The hottest demos these days are AI Coding Agents — and the competition among them is fierce. These AI coding assistants don’t just help with a few lines of code here and there; they can now create a basic marketing webpage from just a prompt — even deploy and host it. And they’re getting better at generating more complex code and apps every day. But are they generating quality products? Most folks’ intuition is “not yet.” Let’s see what AI thinks about it.

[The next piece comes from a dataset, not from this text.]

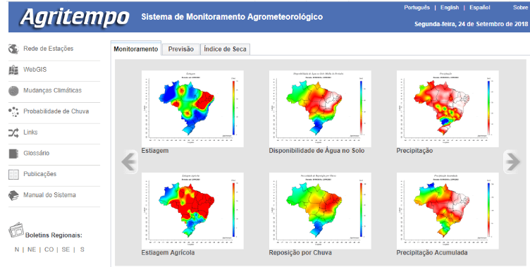 As condições meteorológicas são importantes para sua lavoura desde o preparo do solo até a colheita.A Embrapa desenvolveu o sistema Agritempo, que te ajuda com o monitoramento das condições climáticas.Este sistema disponibiliza mapas de monitoramento, mapas de previsão do tempo, mapas de índice de seca e histórico de chuvas.
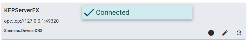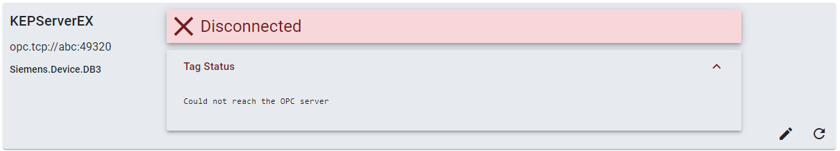In the next example MVS can't reach the OPC Server defined by the PLC Connection. This usually means that either the PLC Connection is not properly configured, kepware is not running, or its OPC UA connection is not accepting the MVS Server connection.

One CEO recently claimed their coding agents write the majority of the code in their company. We should be able to assume these AI agents are building their own marketing sites, right? If their AI agents didn’t build their marketing pages — well, that’s even stranger and might imply the agents aren’t even quite ready for basic websites yet. We’ll give them the benefit of the doubt.

So, how good are these AI Coding Agents’ marketing pages? There’s probably no nerdier way to find out than to have AI Testing Agents check them out. The Checkie.AI testing agents analyzed the marketing pages and found only one two of them earned a quality grade of A — congratulations to Cursor, and GitHub Copilot! Here’s a screenshot of the Checkie.AI quality dashboard for Cursor’s marketing page. We can see that the Cursor site has great performance — even the slowest page is loading around 100ms. The worst bug discovered was just a missing alt text, and while the simulated user feedback looks pretty positive overall, there are some accessibility issues that need addressing.

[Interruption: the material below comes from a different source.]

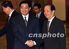 ![]() 中國(guó)國(guó)家副主席胡錦濤二十三日離開(kāi)北京,前往馬來(lái)西亞、新加坡、美國(guó)訪問(wèn)。國(guó)務(wù)院副總理錢(qián)其琛等在北京人民大會(huì)堂送行。中新社記者 毛建軍 攝

How does Cursor stack up against other apps on quality? Let’s break it down. Cursor significantly outperforms its competitors when it comes to content quality and emotional connection with users. Their marketing pages do an exceptional job conveying their value proposition and building trust with visitors through clear, engaging content.

However, the picture isn’t uniformly rosy. While Cursor excels in many areas, it lags somewhat behind the average when it comes to accessibility features. This highlights an important reality in the current state of AI-generated websites: even the best performers still have significant room for improvement.

It’s worth emphasizing that we’re still far from perfection. Even Cursor’s impressive A-grade performance shows there’s substantial room for growth. This gap between current capabilities and ideal implementation suggests that while AI coding agents have made remarkable progress, they’re still maturing technologies rather than fully polished solutions.

Let’s examine Qodo, the AI Coding agent that specifically markets itself as focused on delivering quality software. Ironically, the Testing Agents uncovered several issues with their marketing site, particularly in Accessibility and Content areas.

One fascinating discovery was a broken countdown timer for an upcoming webinar. This finding actually showcases one of the most powerful aspects of AI-driven testing: its ability to detect issues through intuitive observation rather than predefined test cases. The AI testing bots identified that something was “off” about the timer, even though there weren’t any obvious errors on the page and it was detected without the need for a hand-crafted traditional test case. The timer rendered without error — but the AI recognized it didn’t “look right” — much like how a human tester might notice something feels wrong before being able to pinpoint the exact issue.

This type of intuitive testing demonstrates a significant advantage of AI testing tools. They can identify potential problems that might slip through conventional testing approaches, which typically rely on specific, predefined test cases — and only cover those checks. Traditional automated tests would have likely missed this issue entirely since it required a more nuanced understanding of how the component should appear and behave.

Qodo: Broken Countdown Timer on main page

Qodo’s recent rebranding effort revealed another interesting quality control issue: inconsistent brand capitalization across their site, appearing variously as ‘Qodo’, ‘qodo’, and ‘QODO’. While not a critical error, this type of inconsistency is exactly the kind of detail that should be addressed during a rebranding transition — and continuously monitored going forward. It’s particularly ironic for a tool that positions itself as quality-focused to have these basic brand consistency issues on its website.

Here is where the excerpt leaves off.